Logical Fallacy – Shifting the Burden of Proof
- Admin
- Jan 14, 2023
- 4 min read
While casually reading a thread in a comments section of the James Webb Space Telescope page, I saw a clear example of a logical fallacy which will make for an easy and short post. The point of stating the obvious here, as some will see it, is that these flaws in arguments are not always obvious to people. Furthermore, they can be much more subtle and found within topics that matter to public health too. These mistakes in reasoning in fact permeate every and any topic, and they are inherently the kinds of problems which stunt ‘debates’ or productive, truthful discourse.
Dark Matter: Context
The example I’m using is brief and clear, but this first part gives context to the exchange.
Commenter A:

The part to take issue with is:
“Just like Dark Matter being proven to not exist, yet many still think it exists.”
They seem to have decided they know this for certain. One assumption they make is that dark matter was ever an established and defined substance. It never was, and still isn’t. Dark matter is a placeholder term accounting for something we don’t yet know (be that an all new phenomenon or a modification to the standard laws of general relativity). As a placeholder, it could most plausibly explain the effects we have observed, which would be consistent with all current observations.
Do many ‘still think it exists’? Well not as resolutely as he puts it. That is, physicists haven’t identified ‘it’ but rather point out that ‘all the data suggests an unknown phenomenon which would in theory account for what all our observations seem to infer’.
Not a snappy line, but that’s why you can’t sum it up as simply as the commenter does. In short, when the scientific community accepts the likely existence of dark matter, they are not claiming to have defined it; just that there is something there which must be affecting the stuff we can see, which we haven’t been able to account for (after all other known phenomena is accounted for).

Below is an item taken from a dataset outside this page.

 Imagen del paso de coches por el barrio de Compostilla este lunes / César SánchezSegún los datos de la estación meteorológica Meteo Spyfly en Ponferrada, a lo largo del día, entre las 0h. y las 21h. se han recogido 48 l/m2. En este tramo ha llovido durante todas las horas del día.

Right, now that bit is done, onto the specific fallacy.
The Logical Fallacy(s)
Commenter B:

A perfectly reasonable response, given that the comment went against the scientific consensus and threw up several unwarranted assumptions, with nothing to back it up.
The thing is, the first commenter claimed that we have proof that dark matter doesn’t exist. You can’t prove a negative though, this is basic logic. An analogy would be that while no one has ‘evidence’ or ‘proof’ that magical unicorns exist, we can all safely proceed as though they don’t, because there’s no reason to assume it.

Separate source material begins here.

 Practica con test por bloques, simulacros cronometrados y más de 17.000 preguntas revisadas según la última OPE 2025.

However, with dark matter, there is fair reason to infer it. Again, ‘dark matter’ being an ‘unkown’. While no observations infer the existence of unicorns, there are scientifically consistent observations to infer the existence of an unknown influence on the cosmos.
Therefore, the second comment is a fair question, as most of the literature actually suggests the opposite of what he is claiming.
Commenter A’s response:

Here is where the switch happens. He now in fact commits two fallacies in one.
Fallacy 1 – The Burden of Proof
Definition:
He made the claim that there’s settled science disproving dark matter, but now says it’s the second persons responsibility to disprove him. This is switching the burden of proof and arguing in bad faith. They are not discussing proving that a definition of dark matter exists, they are discussing his claim that there is proof that it (whatever he assumes it is) doesn’t.
To borrow Carl Sagan for a moment, if I claim there is an invisible dragon in my garage, it is up to me to prove that – not the person I’m telling.
Fallacy 2 – The Complex Question Fallacy
Definition:
While not phrased as a question, this was the closest one I could find. They are assuming within the statement that someone argued they’d ‘proven’ the existence of dark matter, but no one made this claim.
It’s arguably a false dichotomy in that he would therefore imply that because the second commenter can’t provide a paper proving its existence, then that must mean he doesn’t need proof to conclude that it definitely doesn’t exist. But as Carl Sagan also put it:
“Absence of Evidence does not mean Evidence of Absence”
Conclusion
Despite me choosing to give some context around dark matter, you don’t need to know the first section in this post to spot the fallacy - although it helps if you already detected these errors in the first comment.
In fact, logical fallacies used in this way simply shut down conversations and offer no substance or credibility. That’s why there is no point posturing with knowledge of the topic; you have to communicate with intellectual honesty before getting into that. This is precisely why it’s as important to recognise the wrong things people say, as it is to recognise the right.
It’s no use arguing if you can’t agree on what is logically correct, on how to reason. Ignoring these rules can (and frequently does) break down further into not ‘agreeing’ on what a fact is, what constitutes strong or weak evidence, and what is not factual.
To that end, opinions, lies, and beliefs can appear ‘factual’. Trust in expertise is eroded in the public eye, and real data can be hand-waved aside to be replaced with what feels good. Truth matters. Truth is dependent on logic and reality. Correct reasoning and logic should lay the foundations of honest discussion.